Hoe voorkom je oververhitting in energiezuinige woningen

17-09-2019

Betere isolatie en luchtdichting in moderne woningbouw verhogen het risico van oververhitting, met name wanneer grote glaspartijen zijn voorzien. Louise Wijnja-Vlot en Wietse Koornneef presenteren in een artikel in TVVL Magazine van september 2019 een nieuwe standaard om al in het ontwerpproces oververhitting van woningen te signaleren en voorkomen.

De nieuwe beoordelingsmethodiek geeft een eenduidige en complete methode met uitgangspunten en beoordelingscriteria om het thermisch comfort in woningen te beoordelen. Deze methodiek sluit, door gebruik te maken van recente data, aan bij de huidige tijd. Daarnaast worden uitgangspunten gehanteerd die zo dicht mogelijk bij een reële situatie liggen.

Uitgangspunten
In deze nieuwe methodiek is een aantal uitgangs­punten van de oude GIW/ISSO 2008 publicatie overgenomen en een aantal uitgangspunten vervangen. Zo is een lager vermogen voor verlichting aangehouden, passend bij hedendaagse LED-armaturen, en zijn de vermogens van andere apparatuur in huis aangepast op basis van een gemiddeld elektriciteitsge­bruik van een huishouden.

Klimaatgegevens
Om het effect van verschillende uitgangspunten op het thermisch comfort in kaart te brengen zijn rekenmodellen gemaakt op basis van de RVO referentiewoningen. Uit het onderzoek blijkt dat het gebruik van de meest recente klimaatdata uit de NEN 5060:2018 - zoals verwacht - tot veel hogere binnentemperaturen leidt dan bij gebruik van het klimaatjaar 1964. Om een toekomstbestendige situatie te kunnen beoordelen is gekozen om met het klimaatjaar T1 uit de klimaatdata van de NEN5060:2018 te rekenen, wat beter aansluit bij de werkelijk opgetre­den klimaatdata van 2018.

Adaptatie en overschrijdingsuren
Bij het opstellen van een beoordelingscriterium voor de comfortbeleving is aansluiting gezocht bij de ATG methode volgens ISSO-­publicatie 74. Daarbij wordt rekening gehouden met zgn. adaptatie.
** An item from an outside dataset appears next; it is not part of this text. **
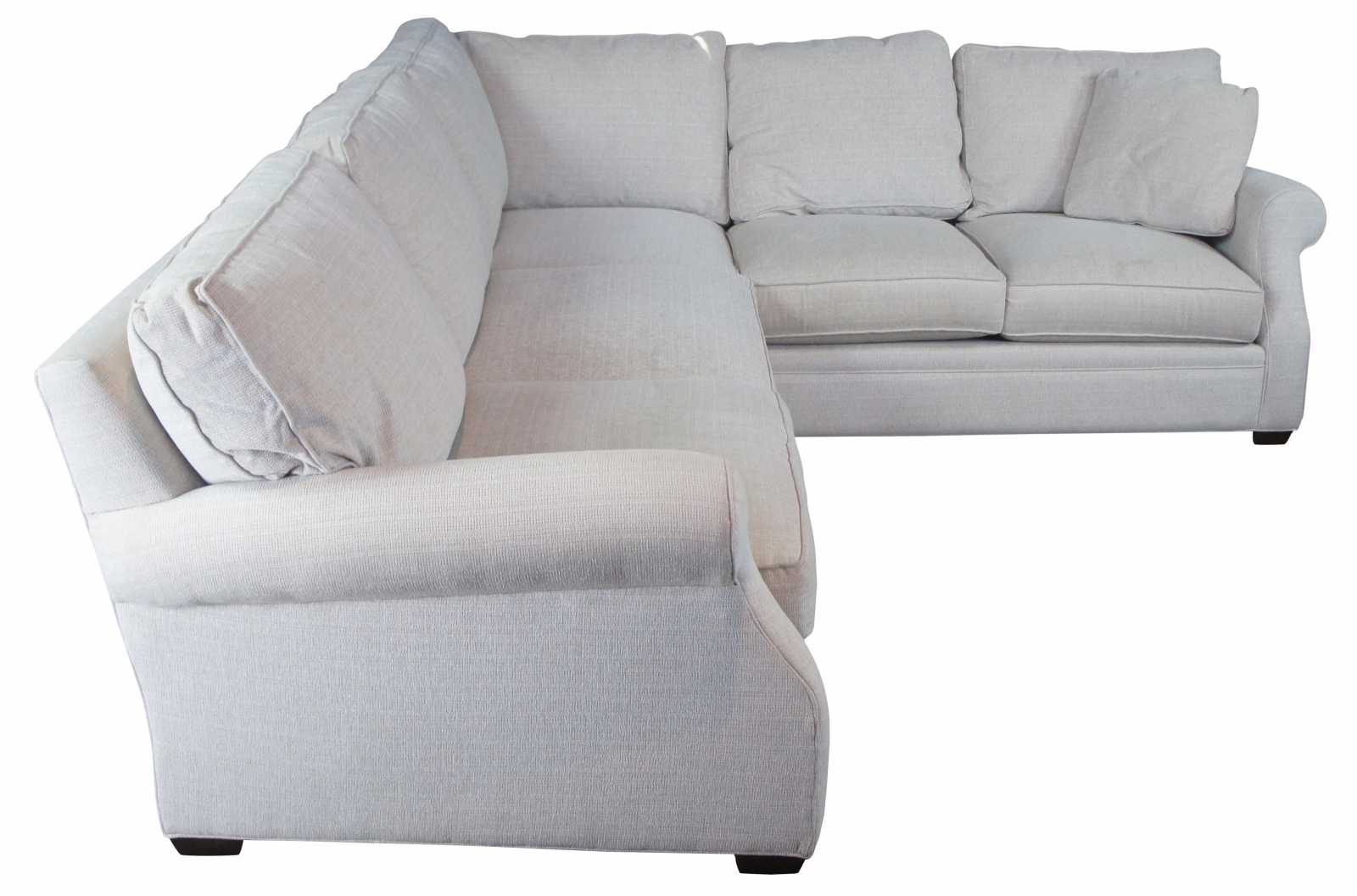 Pure comfort wrapped in classic design - This Sectional fits living rooms both spacious and small. This transitional yet traditional style features plush, padded cushions, rolled arms, and an abundance of toss pillows—resulting in a versatile foundation for your seating area. Hand-built by dedicated upholstery artisans in North Carolina, these pieces are durably constructed with sustainably sourced hardwoods. Deep and cozy cushions provide long-lasting support and a “sink into” feel. All of this is expertly fitted in our designer-inspired fabric selected to complement your décor.

Daarmee wordt bedoeld dat enerzijds de menselijke fysiologie zich na enkele dagen enigszins aanpast aan veranderde temperaturen en anderzijds de mogelijkheid die bewoners hebben om hun gedrag en omgeving aan te passen aan de hogere of lagere temperaturen (andere kleding, raam open of dicht, etc). Op basis van de referentiewoningen van RVO en een aantal praktijkvoorbeelden, zijn studieberekeningen gemaakt om het aantal toelaatbare overschrijdingsuren te bepalen. In deze berekeningen zijn de effecten van zonwerende maat­regelen eveneens meegenomen. Met de resultaten hiervan zijn verschillende comfortniveaus gedefinieerd.

Criterium
Voor een thermisch comfort met niveau Goed adviseren wij per verblijfsruimte de grenswaarde van maximaal 70 over­schrijdingsuren boven de ATG klasse C aangehouden. Met dit niveau worden perioden dat de binnentemperatuur oncomfortabel warm is beperkt.

In de praktijk kunnen er redenen zijn om een lager comfortniveau te accepteren. Voor deze situaties is er het niveau Acceptabel. Dit niveau is bedoeld als vangnet, waarmee de echt extreme situaties alsnog niet zullen voldoen. Voor dit niveau worden maximaal 200 overschrijdingsuren boven de ATG klasse C aangehouden.

Het is natuurlijk mogelijk om juist een zeer goed thermisch comfort na te streven, bijvoorbeeld in een luxe appartementen of villa’s. Hiervoor is de klasse Zeer Goed ontwor­pen, waarbij maximaal 10 overschrijdingsuren boven de ATG klasse C worden toegelaten.  Om dit niveau te halen is dan wel een regelbare actieve koeling vereist.